Last, pressure cookers were expensive. The cheapest pressure cooker in the market is around $100. I’m no cheapskate especially when it comes to things for the kitchen. However, I just couldn’t justify the thought of spending that much on a pot.
All this changed when I was gifted with a pressure cooker set by my sister. The first thing I did I opened the gift was laugh. I asked her if I’ve ever served her rubbery meat because I couldn’t understand why she was gifting me with a pressure cooker. She told me in reply that it was about time that I stepped into the 21st century when it comes to my kitchen.
In the days that followed, I kept researching about pressure cookers and how they affect the quality of the dish being cooked. It was then that I was able to disprove my initial thoughts about pressure cooking.
First, it’s not true that essential nutrients in food. According to my research, pressure cookers are able to preserve a lot more nutrients because cooking time is a lot less. Since the food is cooked faster in a pressure cooker, less nutrients are broken down.
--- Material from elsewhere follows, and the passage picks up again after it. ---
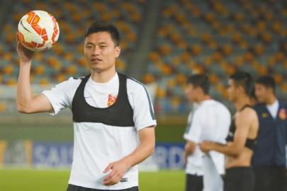 郜林身穿高科技背心训练。图片来源:华西都市报

Next, pressure cookers these days are equipped with safety features that eliminates the risk of explosion. My last point (that pressure cookers are expensive) is still true but since I was given one as a gift, my argument was kind of moot.
Since I received my pressure cooker, cooking has been a lot easier. I no longer have to wait hours for dinner to be done. This has allowed me some free time to play with my kids and enjoy quiet time. It has also improved my dishes especially in the broth department. Broths have always been a problem for me because I am rarely able to make that perfect gelatinous broth no matter how long let the pot simmer. Overall, I think a pressure cooker is something everyone should have in their kitchen.